The decline is so serious that scientists believe the little brown bat may disappear from the region altogether in the next 20 years.

Cryan said we don’t have enough continent-wide monitoring of bats killed by wind turbines, so how many die that way is a bit of a mystery, although we do know that several species of migratory tree-dwelling bats are particularly susceptible to wind turbines.

In 2007, Kunz and colleagues published one estimate that suggested by 2020 the US could be losing between 33,000 and 111,000 bats through wind-turbine fatalities just in the mountainous region of the mid-Atlantic Highlands alone. The cause of death is either from direct collision or because the bats’ lungs get damaged from the change in pressure when they fly near the turbine blades.

Kunz and colleagues say there are reports of large numbers dying at wind farms in other parts of North America.

Co-author Gary McCracken, a professor in the Department of Ecology and Evolutionary Biology at the University of Tennessee said:

“The bottom line is that the natural pest-control services provided by bats save farmers a lot of money.”

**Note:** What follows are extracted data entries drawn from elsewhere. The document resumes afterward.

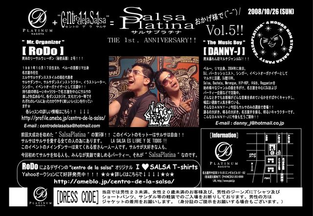 管理人様へ イベント告知です よろしくお願いします。 みな様大変長らくお待たせいたしました!! centro de la salsa   presents ★★★★★★★ ★Salsa★ ★Platina★ ★サルサプラチナ★ ★★★★★★★★★ オカゲサマデ(^-^)/ぴかぴか(新しい) 一周年記念!!exclamation ×2     @ ☆☆☆☆☆☆☆☆☆ プラチナム☆名古屋 PLATINUM    Nagoya ☆☆☆☆☆☆☆☆☆ Day: ぴかぴか(新しい)ぴかぴか(新しい)ぴかぴか(新しい) 10/26 (日) Open: 16:00〜20:00 (20時からは引き続き"Platinum Disco Night
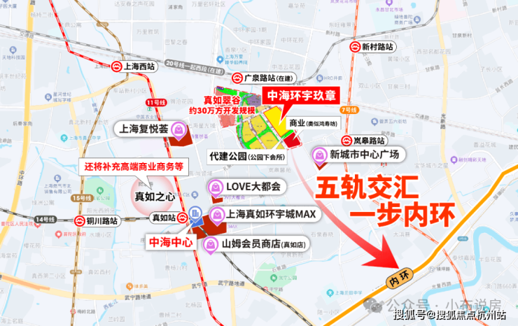 1、五轨纵横+ 一步内环,真如无缝衔接全城高能板块
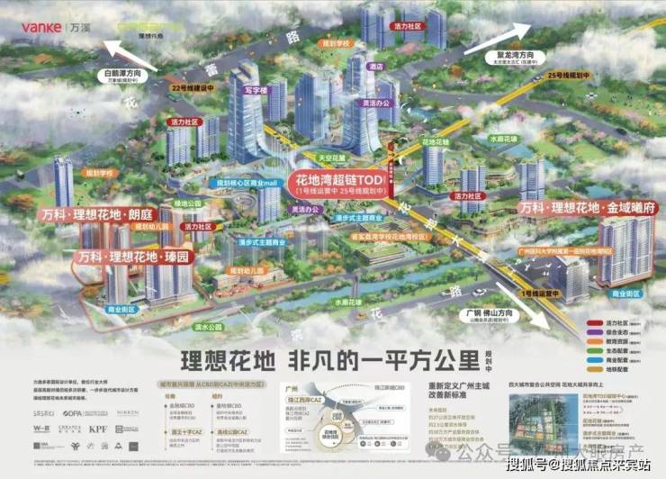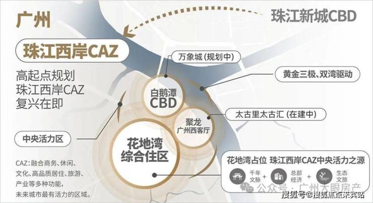此外花地湾片区基本都是由万科统一开发,汇合白鹅潭-花地湾-聚龙组团的板块张力,白鹅潭核心区、聚龙组团、花地湾组团,于半径约2KM内构建珠江西岸CAZ黄金三极。

“We hope that our analysis gets people thinking more about the value of bats and why their conservation is important,” he urged.

The authors conclude that while it may be possible over the coming years to reduce the numbers of bats killed by white-nose syndrome and wind-farms, efforts are more likely to succeed if they have public support, and to get that, we need much more awareness of the good work that these hard working and useful creatures perform.

“Economic Importance of Bats in Agriculture.”
J.G. Boyles, P. Cryan, G. McCracken and T. Kunz
Science 1 April 2011: 41- 42.
Science 1 April 2011: 41-42.DOI:10.1126/science.1201366

Additional source: Boston University College of Arts & Sciences (30 Mar 2011).